Community water fluoridation did not appear to provide a cost benefit in the UK (Kowash et al, 2006).
In Brazil, living in a fluoridated community did not make any difference in early childhood caries (Tiano 2009).
However, in a recent small study in Australia, fluoridated water used in infant formula reduced caries risk marginally but only in those infants fed longer than 6 months (Do et al, 2012). It must be remembered that infant formula made with tap water increases the risk of dental fluorosis (see blog on fluorosis) and fluorosis is associated with lowered intelligence (Choi et al, 2012).

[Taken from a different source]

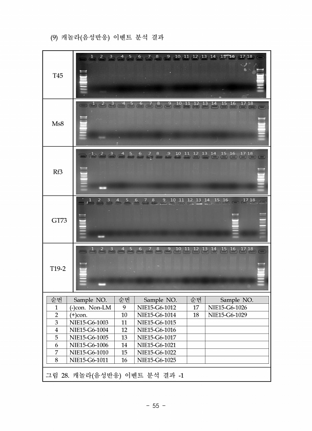 T45 Ms8 Rf3 GT73 T19-2 순번 Sample NO. 순번 Sample NO. 순번 Sample NO. 1 con. Non-LM 9 NIE15-G6-1012 17 NIE15-G6-1026 2 + con. 10 NIE15-G6-1014 18 NIE15-G6-1029 3 NIE15-G6-1003 11 NIE15-G6-1015 4 NIE15-G6-1004 12 NIE15-G6-1016 5 NIE15-G6-1005 13 NIE15-G6-1017 6 NIE15-G6-1006 14 NIE15-G6-1021 7 NIE15-G6-1010 15 NIE15-G6-1022 8 NIE15-G6-1011 16 NIE15-G6-1025 그림 28. 캐놀라 음성반응 이벤트 분석 결과 -1 9 캐놀라 음성반응 이벤트 분석결...

Even if there were small positive effects on baby bottle tooth decay by living in a community with fluoridated water, the other health risks from ingesting fluoride are not worth it.
A much more effective way to reduce early childhood caries is to educate low income families on how to prevent it (Feldens et al, 2010)
New moms, once empowered with science-based knowledge, will do everything in their power to properly protect their kids from the pain and suffering that rampant caries brings. No mother wants to see her child placed under general anesthetic and then pay thousands of dollars in dental repair costs.
Rather than put millions of dollars into fluoridation programs, cities would be better off providing oral health education, dietary advice and assistance to families in need.
Challenge to the reader: If there is a new mom in the family, send her the link to this blog so that she can read about how important breast feeding is and how damaging it is to allow babies to sleep with a bottle in their mouth. Confront health care professionals who believe water fluoridation will prevent baby bottle tooth decay, and also send them the link to this blog.
Take home message for the reader: Breast milk does not cause decay in baby teeth and water fluoridation does not prevent baby bottle tooth decay.